In her Free Expression piece concerning the Harvard faculty’s vote to limit the number A grades (but not A- and lower grades) awarded to the school’s pupils, Mary Julia Koch had this:

It’s a fair point that a scarcity of A’s could crank up the competitiveness among an already ambitious group of college kids.

It’s a fair point? What, exactly, is wrong with competition among the pupils for the better grades, and so for the benefits ensuing, beginning with a less stressful and sooner successful job hunt? What’s wrong with increasing the level of that competition?

Harvard’s pupils, even after this grade inflation move (as small as it is), have no idea of the level of competition in our relatively free market economy. Those pupils have no idea of the benefits of competition, from improving their own skills to producing better products and services at the companies that employ them to the follow-on of more and better jobs and better pay.

One professor who doesn’t like the quota said that

she didn’t become a college professor to “rank my students against one another for the convenience of potential employers.”

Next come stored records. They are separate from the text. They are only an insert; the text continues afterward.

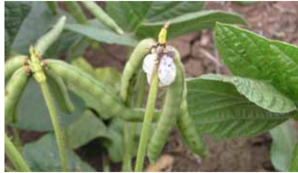
Gummy pod—foaming on pod

Symptoms: Pods develop a blotched, puffy appearance. In the most severe cases, up to 50% of the pods within affected crops may display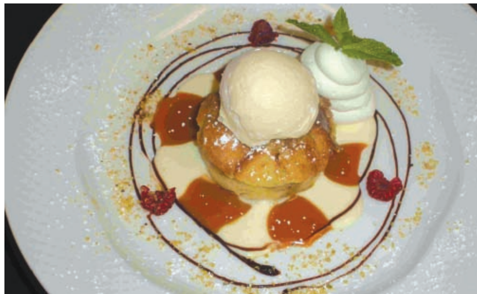
Enjoy seasonal desserts such as the delectable Pear Almond Torte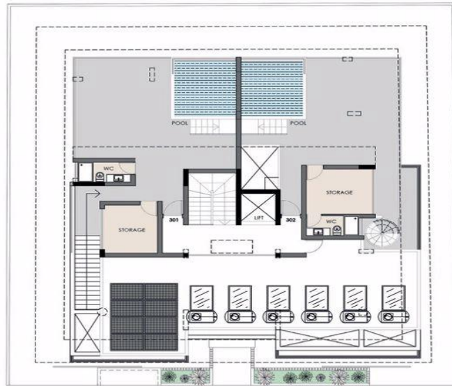
FLOOR PLANS ROOF GARDEN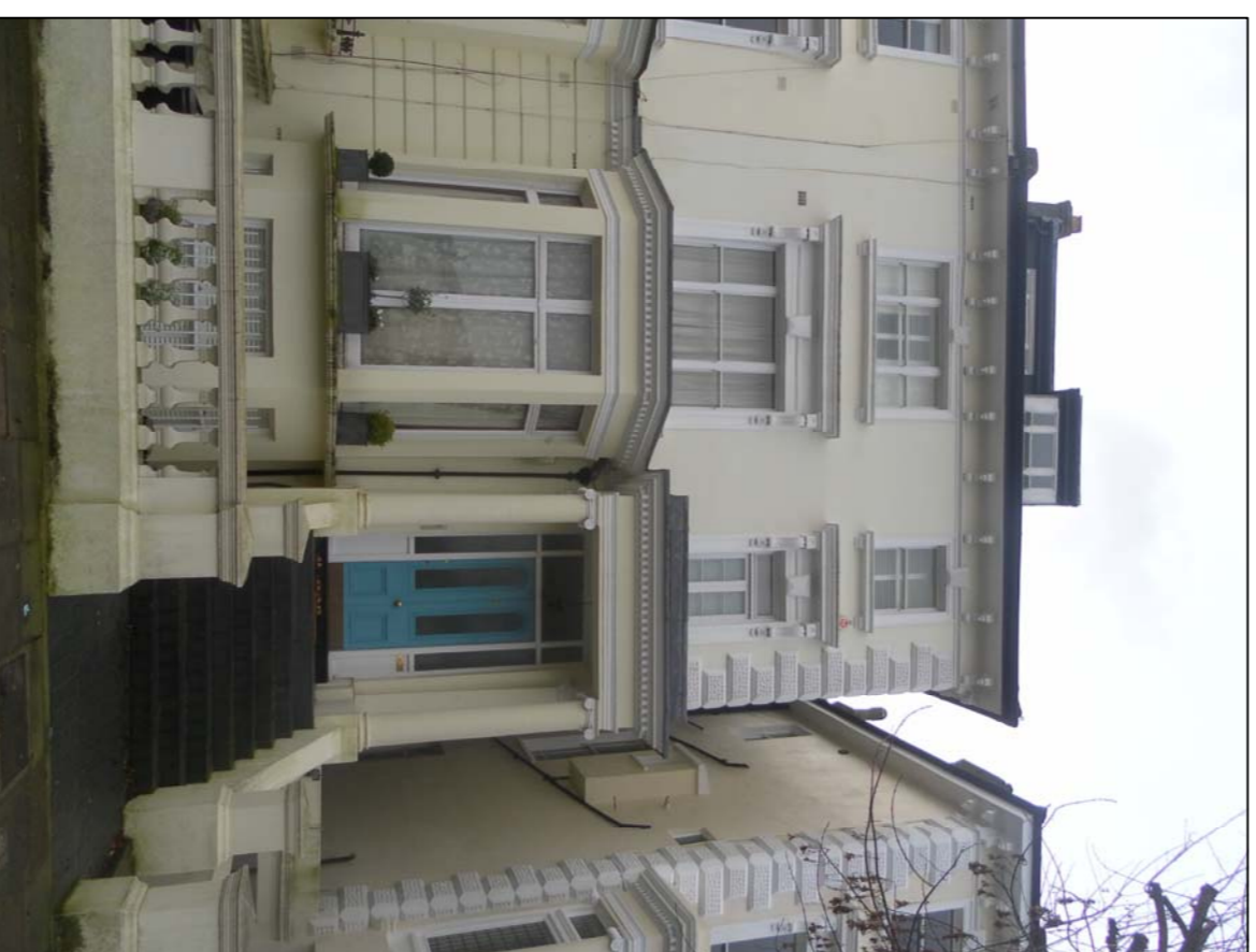
No. 13 BELSIZE SQUARE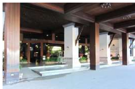
Hotel Front Entrance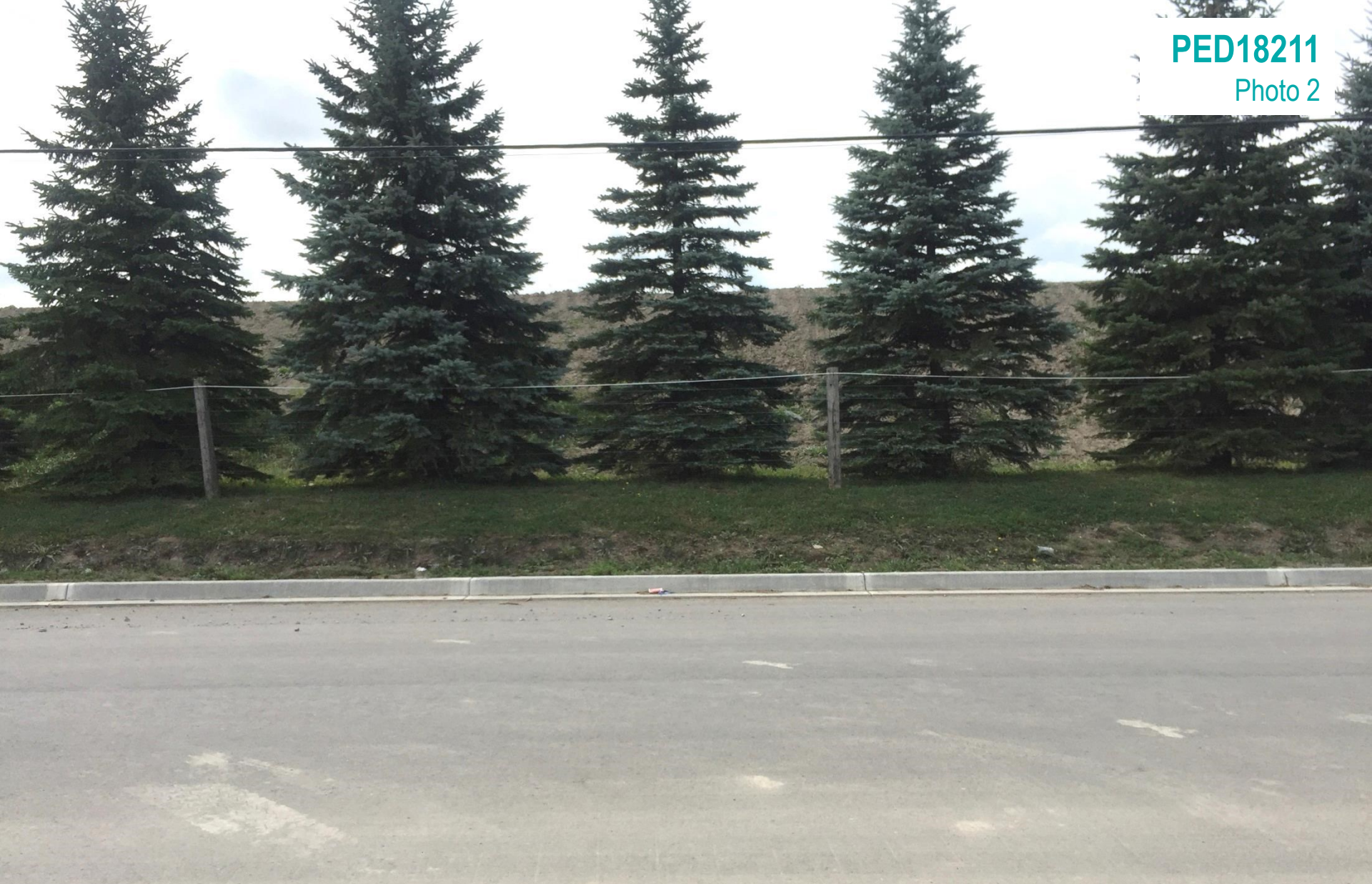
Looking south along Green Mountain Road West at Terrapure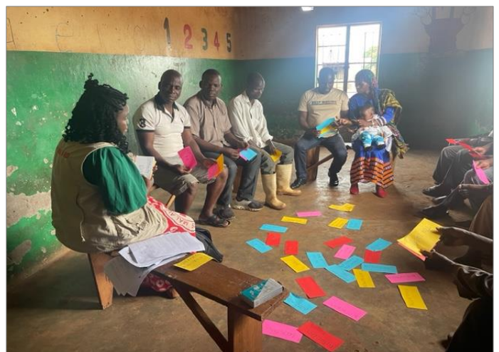
Malawi Red Cross Society (MRCS) staff conducting RQA data collection activities as part of focus group discussions with religious leaders in Area 25, Lilongwe.

RQAs are an essential tool for understanding community perceptions and behaviours related to cholera. Rapid Qualitative Assessments or Rapid Qualitative Research draws on primary data collected through observational activities, in-depth interviews and focus groups discussions, are typically conducted over the course of a few days by a small team, and seek to answer operational research questions useful for informing emergency response operations. 4 These assessments provide valuable information about the social, cultural, and behavioral factors that influence the transmission of cholera within a community. By identifying the beliefs, attitudes, and practices that contribute to the spread of cholera, RQAs can inform the development of targeted interventions that address the specific needs and challenges of the community.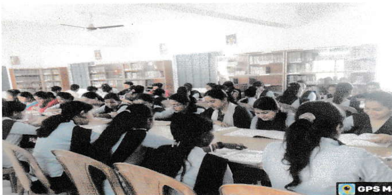
Book Reading Activities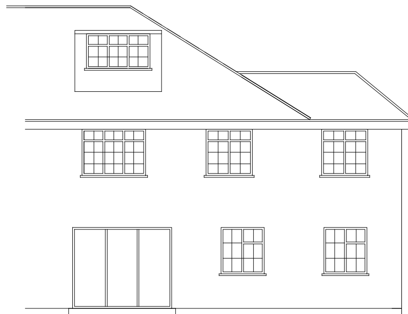
Proposed Rear Elevation 1:100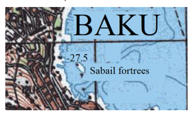
Figure 2 The map of selected area.

Reconstruction such type of infrastructure demands to provide all necessary maintenances such as power supply, water supply, the sewerage and any other related for operation and functioning of facility of communication systems. Figure 2 shows location of the selected area on the map of the Sabail fortress.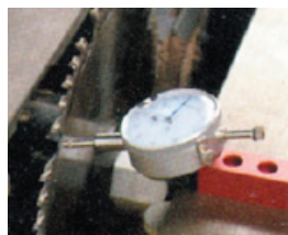
Arbor Flange & Saw Blade Run-out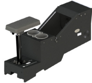
7170-0735-01 Short Console with Cup Holders and Rear Armrest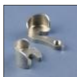
(DR0003) 6-4 Titanium, Rear, Wright, 1 3/8" x 1.040", Long Integral Hanger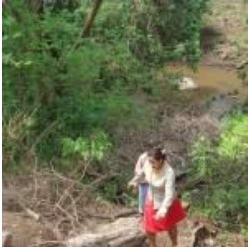
The Community urgently needed the Bridge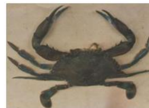
Plate 10: Salt water Crab ( Ikoli ) collected from Okpoama.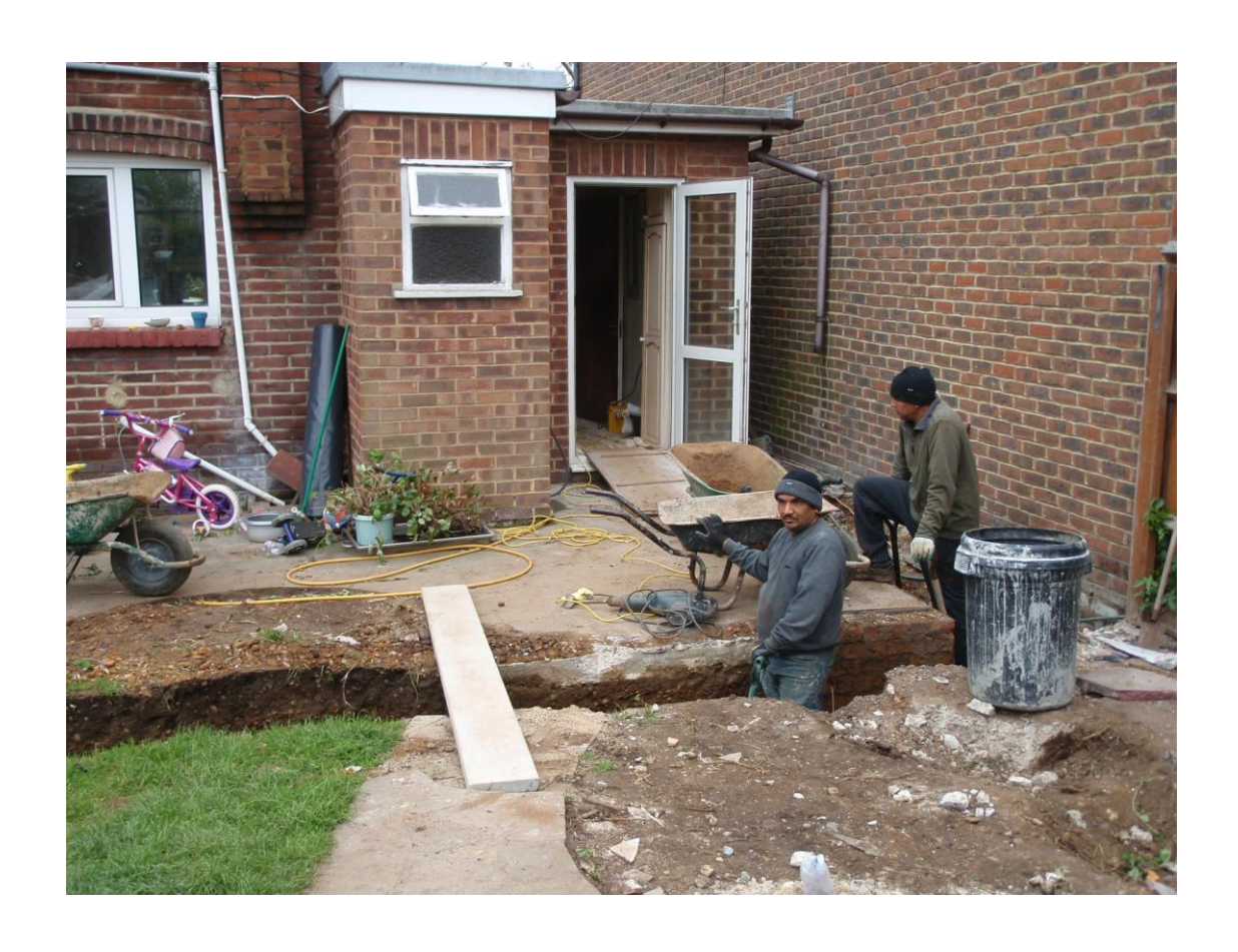
Plate 1. Showing topographic setting of site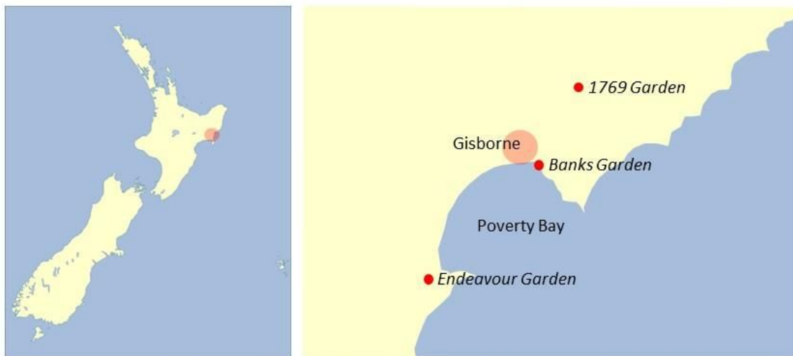
Figure 2. Location of the three gardens (drawn by author, based on map in public domain)

Although not historic in themselves – the oldest being no more than 30 years old – three gardens in Gisborne reference the history of plant collecting in the region. The Banks Garden, Endeavour Garden and 1769 Garden each present an interpretation of that short period of plant collecting in October 1769 (Fig.2).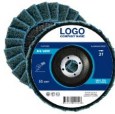
Surface Conditioning Discs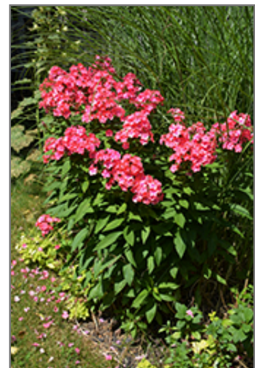
Flame Coral Garden Phlox in bloom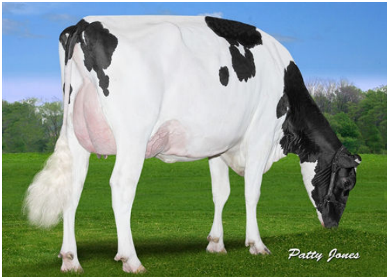
CLAYNOOK FABBY SILVER GRANDDAM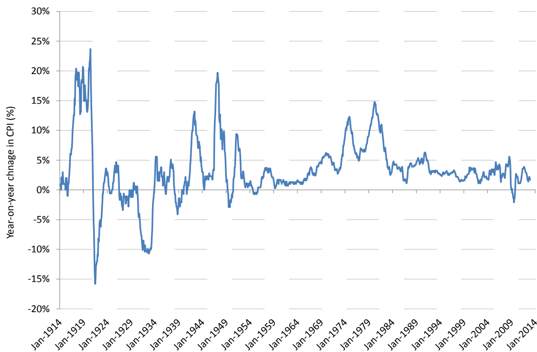
Year-on-year change in US consumer price index (CPI)

Source: Bloomberg, Guinness Atkinson Asset Management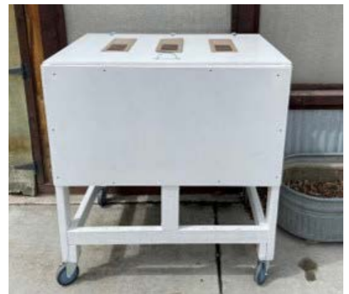
Bottom: Vermicomposting Bin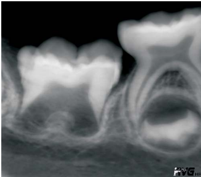
Fig. n.1: first lower left and right molars of MED40.39 ("Child with red jacket"): enamel irregularities on the crowns (moruliform teeth)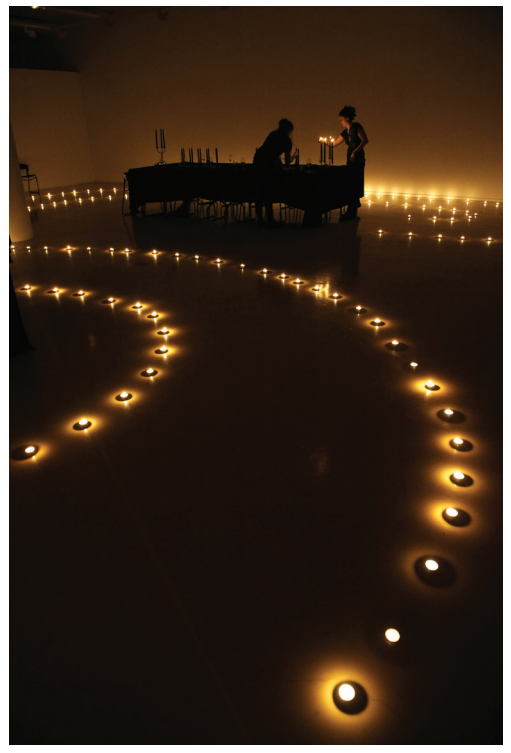
Fig. 4. Emmanuel Giraud, Devenir gris , 2009. Photographers: \ \ \, Luc Jennepin / Emmanuel Giraud. Courtesy of the artist.

of a well-chosen group of table guests' (11, my own translation from the French).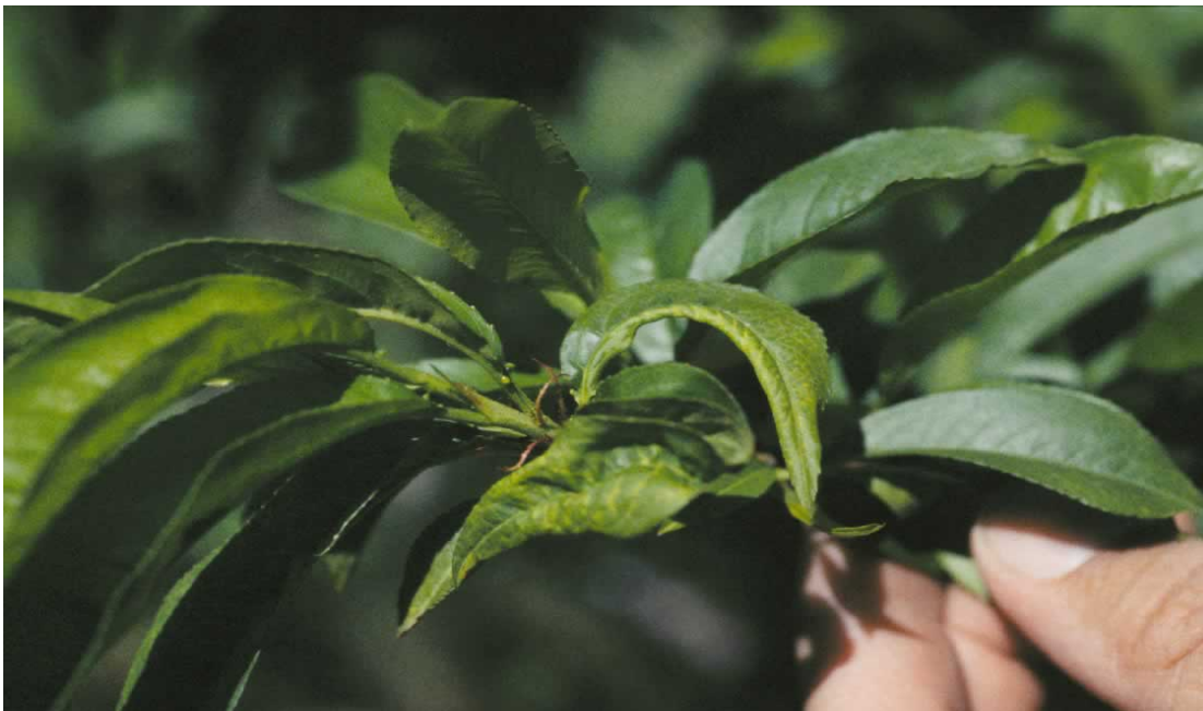
Figure 2. Leaves with yellow netting and distortion caused by PPV.

Leaves. Several types of symptoms may occur on leaves. PPV may cause leaves to have faint light green to yellow ring spots or halos about the size of a pencil eraser or smaller scattered across the leaf. Leaves may also exhibit a yellow netting pattern which is often accompanied by veins that are lighter green than normal to yellow in color. Leaves may be distorted or twisted as a result of infection.

But that’s precisely the purpose and the benefit of such rankings, and her attitude insults those students who take her classes. College graduates are not simple members of a commodity pool from which a company can select at random. Companies want to hire only the best because that’s what produces the best goods and services, which in turn maximizes the companies’ ability to thrive and grow and do R&D, which in the end maximizes job growth and so employment opportunities. One of the most important tools a company has in discriminating among a pool of brand new college graduates is an honestly done GPA.

The answers to my prior questions is that there’s nothing wrong with competition or with increasing competition. That’s what makes all of our lives better, including those of Harvard’s pupils, who now will be required to level up their game.